Niespodziewanym wynikiem zakończył się mecz Rakowa Częstochowa z Cracovią. Gospodarze na własnym stadionie nie zwykli przegrywać, a doznali porażki w pierwszym domowym meczu po powrocie na trenerską ławkę Marka Papszuna.
- Cieszyłem się na ten powrót. Kibice dopisali, ale my zawiedliśmy. Niewygodny rywal kolejny raz taki był. W meczu zespoły stworzyły sobie niewiele okazji. Potyczka była dość dynamiczna, ale bez jakości. Zabrakło kultury gry, podejmowane były złe decyzje. Sporo chaosu - ocenił 1. połowę opiekun gospodarzy.
ZOBACZ WIDEO: #dziejesiewsporcie: Tornado podczas meczu. Zawodnicy starali się kontynuować grę
Chwilę po przerwie Raków stracił gola. - Źle weszliśmy w 2. połowę. Rywal bronił się, my dopiero w końcówce weszliśmy na swoje obroty, zaczęliśmy grać z pasją i energię. Takiej gry oczekuję. Nie możemy czekać aż się będzie paliło, ale pokazywać umiejętności szybciej - dodał Marek Papszun.
Zadowolony po wygranej 1:0 był szkoleniowiec Cracovii Dawid Kroczek. - Wiedzieliśmy, gdzie przyjechaliśmy. Raków to dobry zespół, tym bardziej cieszy wygrana i sposób funkcjonowania na boisku. Zrealizowaliśmy to, co sobie zakładaliśmy. Brawa dla wszystkich za wykonaną pracę - powiedział.

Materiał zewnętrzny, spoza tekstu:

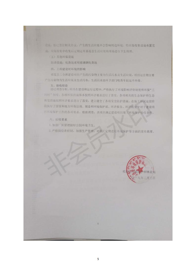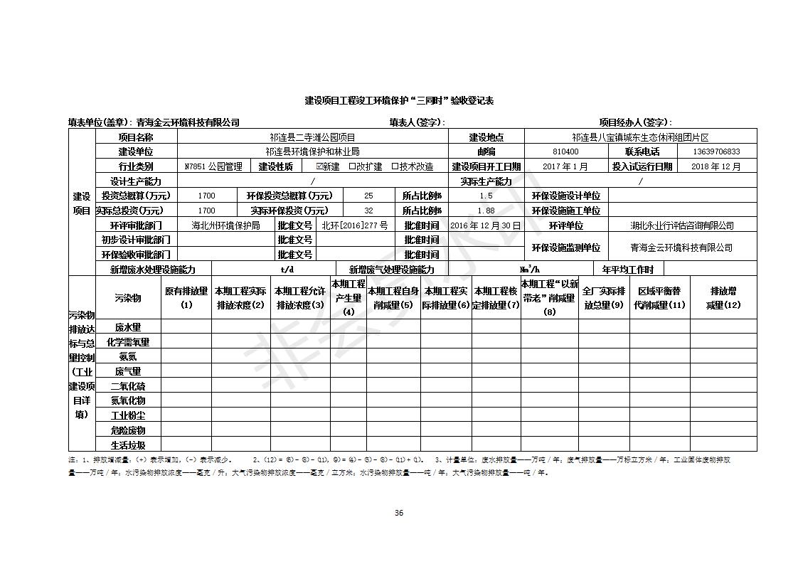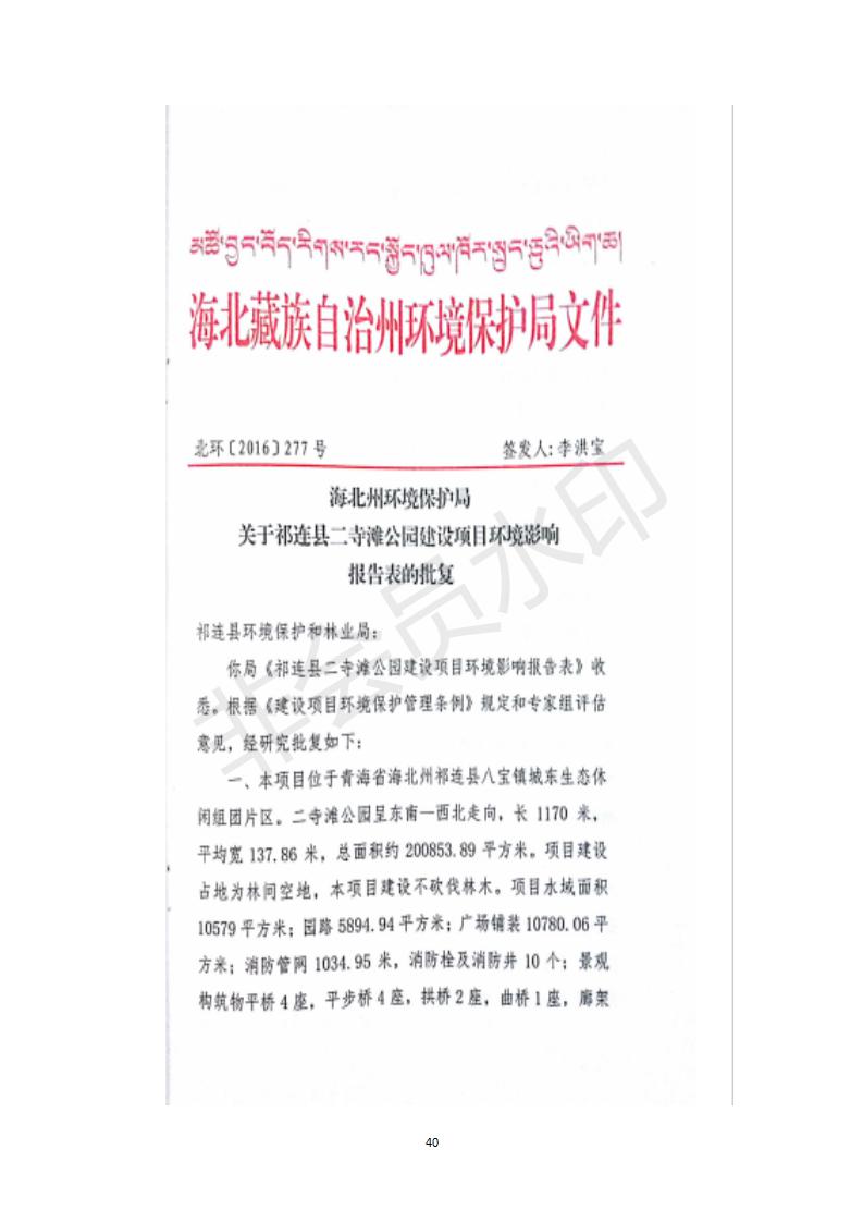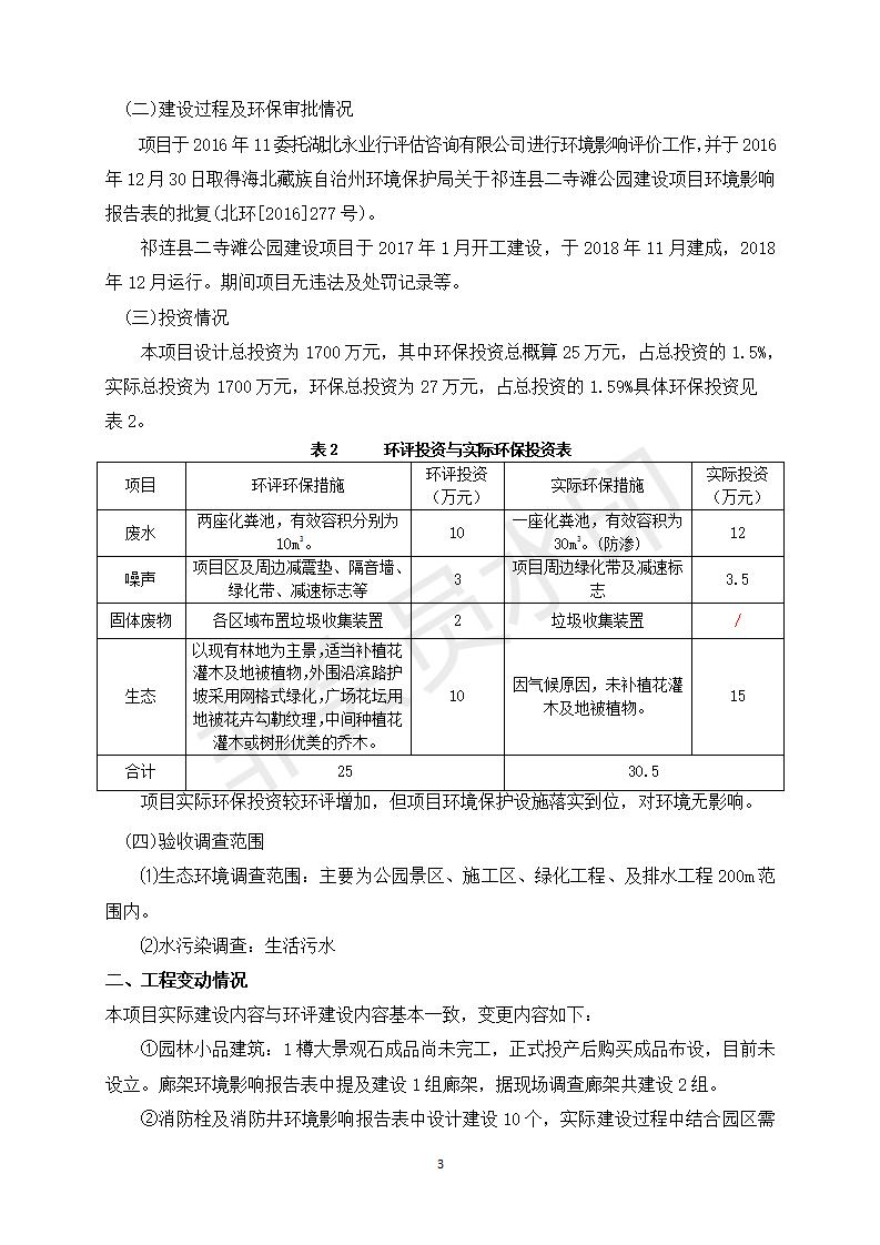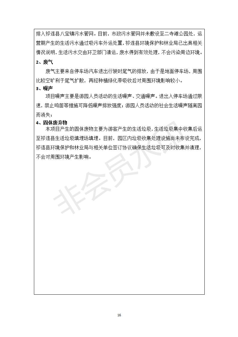 祁連縣二寺灘公園項目竣工環(huán)境保護驗收調查表公示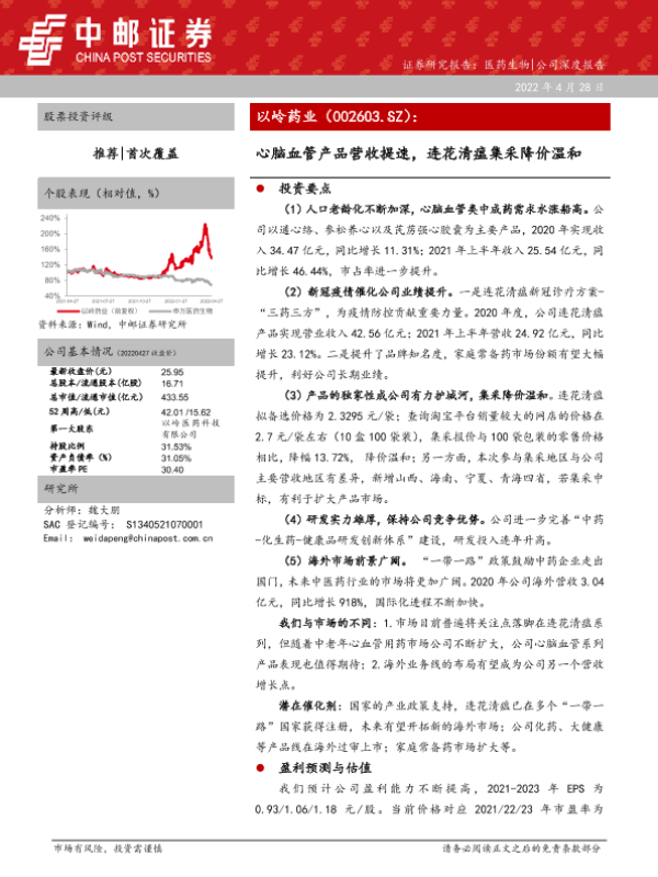 【中邮证券】【20220429】以岭药业-002603.SZ-心脑血管产品营收提速,连花清瘟集采降价温和-23页 行业研究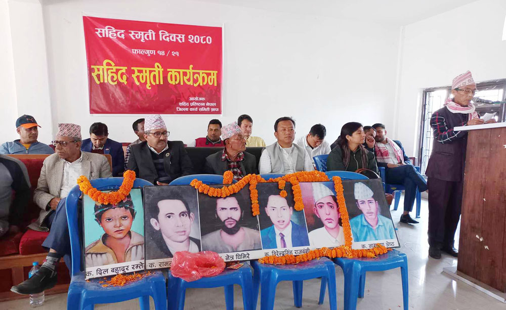 सहिद स्मृति प्रतिष्ठान नेपाल झापाले आज बिर्तामोडस्थित गौरीशंकर स्मृति प्रतिष्ठानको सभा हलमा सहिद स्मृति कार्यक्रमको आयोजना गरी उनीहरुलाई सम्मान गरेको हो ।
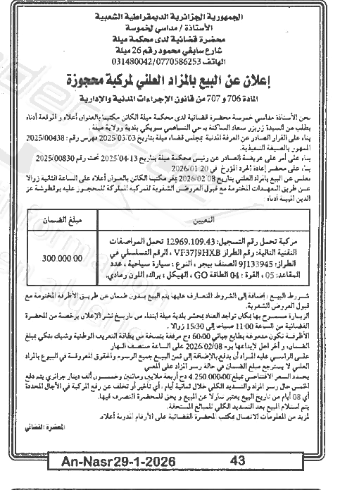Il sera procédé à la vente au plus offrant et dernier enchérisseur le :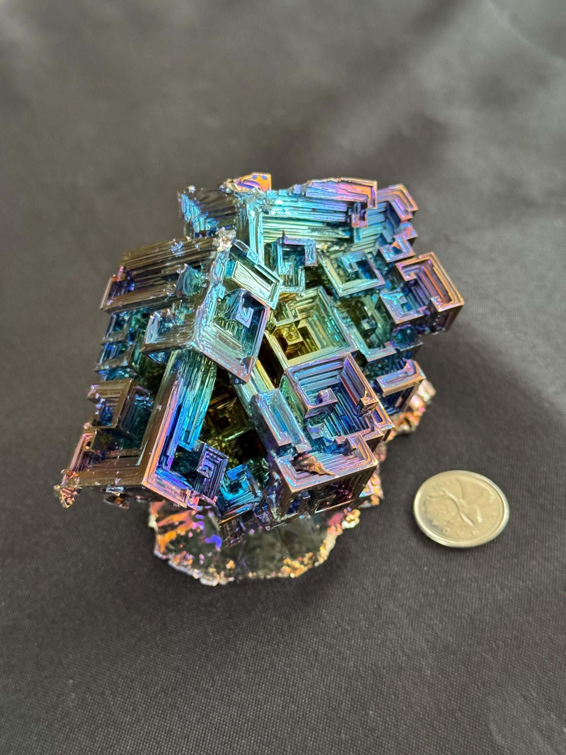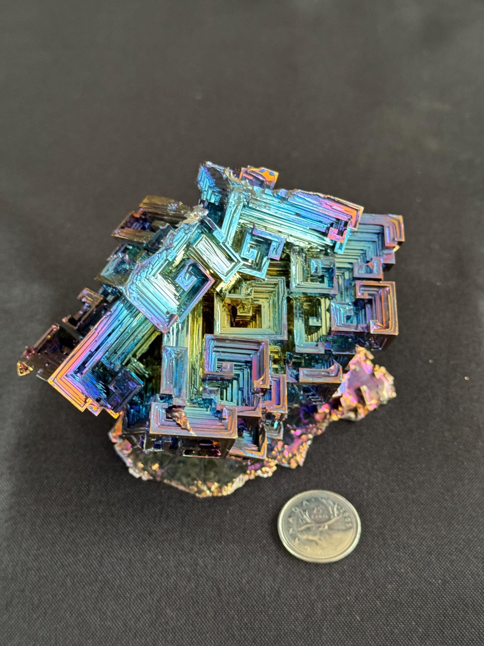 This bismuth crystal Is a rainbow full of color and with sharp edged steps and distinct corners. The iridescent colours shine and reflect from every angle. This crystal is one solid piece, nothing has been colored or attached separately. Bismuth is an element on the periodic table next to lead, with the symbol Bi and an atomic number of 83. Bismuth rarely occurs in the earth naturally, and when it does only extremely small crystals are formed. Due to that reason, these crystals are grown in a facility in Vancouver. There are as many as twenty colors or shades that you will find in the crystal. The possible colors include blue, purple, yellow, green, red, silver and gold. bismuth crystals are known to be healing crystals. They stimulate energy, support transformation, and help relieve symptoms of isolation and loneliness. This crystal is truly unique, in its colors and shape, and the energy that surrounds it.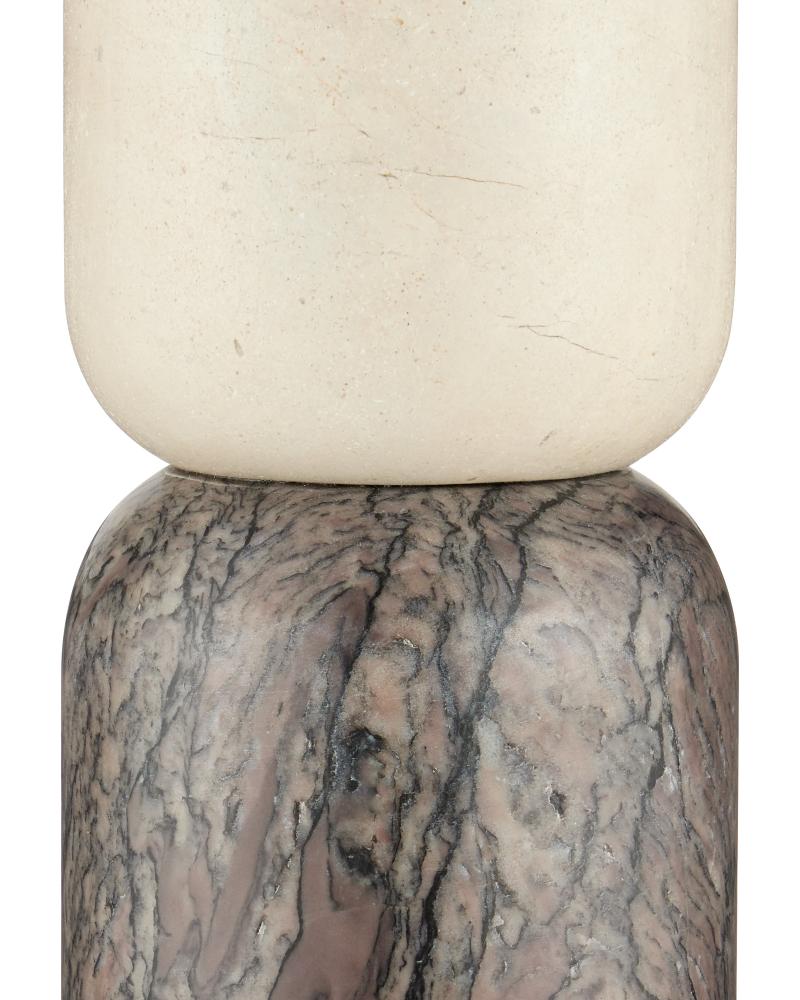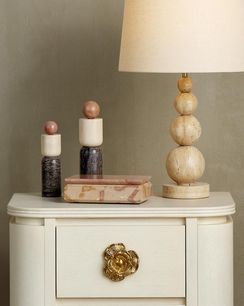 The Moreno Marble Objects Set includes two sculptures made of Rosa Cappuccino Marble, Camello Neve Marble, and Breccia Marble. The geometric sculptural pieces have tremendous personality because of the veining on two of the marbles, and the fact that the dynamic surfaces of the black and pink marbles contrast the pale softness of the other. The surfaces of the objects will vary from piece to piece, given the sculptures are made of natural stone.

- Chcemy znaleźć się w górnej części tabeli, ale nie będziemy składać deklarację, że będziemy grali o puchary. Chcemy się rozwijać. Przecież jeszcze kilka dni temu nikt nie był zadowolony po naszym meczu z Piastem - nie chciał składać deklaracji szkoleniowiec. - To dla nas wygrany mecz, ale nie będziemy od razu wariować - podsumował.